Chance plays a large role in my drawings. Since I strive for my drawings to develop on their own, I'm constantly on the watch for a mistakeor something out of the ordinary to occur that might enliven the piece. I believe that it is easy to get comfortable with a certain way of working. By this I mean knowing exactly how a drawing will begin and end. This seems very dangerous to me because repeating yourself can be very suffocating. And unfortunately with my tightly controlled means of working, it is something I have to be careful for. So I'm constantly watching out for the slight slip of the hand that makes an interesting mark to help my work along. I've found that by simply paying careful attention to my process and not discounting the unintended as unworthy, that my work constantly changes and evolves. I've often found to that mistakes or slipups in one drawing deserve their own exploration and I'll use that in my next drawing.

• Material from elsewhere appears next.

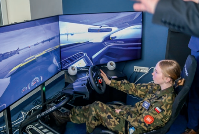
W takich warunkach, nauka to sama przyjemność.

Despite using very small marks to build your drawings, your works are large scale. Can you talk about the tension between the micro and macro and their implications.
I really want my drawings to grow, so by working small on a larger scale, the drawing has sufficient time to develop many different paths. I revel in the discoveries and comfort that comes from working on one piece for a long, long time (sometimes upward of 800 hours for one drawing). I believe that there is an excitement in seeing a work that has been worked and labored to obsessive degrees. This tension between micro and macro invites contemplation I believe. It begs the viewer to stay with the drawing for a bit. I hate to admit this, but it is difficult nowadays to get people to really stay and look at a work of art for more than thirty seconds, so maybe somewhere deep down I'm trying to overcome that in some way, but this is getting a bit off-track. Going back to the question of micro and macro, I've noticed a trend in my work. I try to create individuals within larger, complexly organized wholes. The individuals in and of themselves are relatively uninteresting, yet within the whole they become something beyond themselves. Within that whole they become important and even crucial. Beyond that, they become a testament to the time spent in creating the larger picture. You can literally see the time spent in the creation of the drawing. By working on a large scale with tiny marks, that dichotomy becomes very apparent.

What role does patience play as you draw?

Patience is just as important as the pencil or the paper in my work. People seem to talk about patience slightly in the negative or as something to strive for that is difficult to achieve. You have to have patience to endure bad things or you have to show patience with difficult people. I like to think about patience as simply a means to a desired end. You can only get from A to B by actually doing the work, so it is merely a given that if I want to fill a page with 10,000 tiny marks that I'll need to show some patience. So it just is, I guess. There are definitely times when I want to hang up a drawing because I'm sick of making a certain mark or because my hand really hurts. The thought of a drawing in its finished state is quite an inspiration for me. It's what keeps me going actually. Well, not completely. Beer and coffee really help me in this regard too.

Can you talk about what you are working on now.
The big drawing that I've been working on is based on a grid. The grid has become important to me lately as a starting point. I've been filling in the different squares of the grid with different values creating a sort of fuzzy, pixilated, abstract composition. Each square is shaded in a different direction which creates a very strange sort of texture. It's an interesting subplot to the larger story. Beyond that I have about twenty other drawings ready to go in my head that only need time before I can get started on them. The beauty and curse of spending a long time on drawings is that I get a lot of ideas for new drawings, but can't start them for a few years later it seems. Oh well.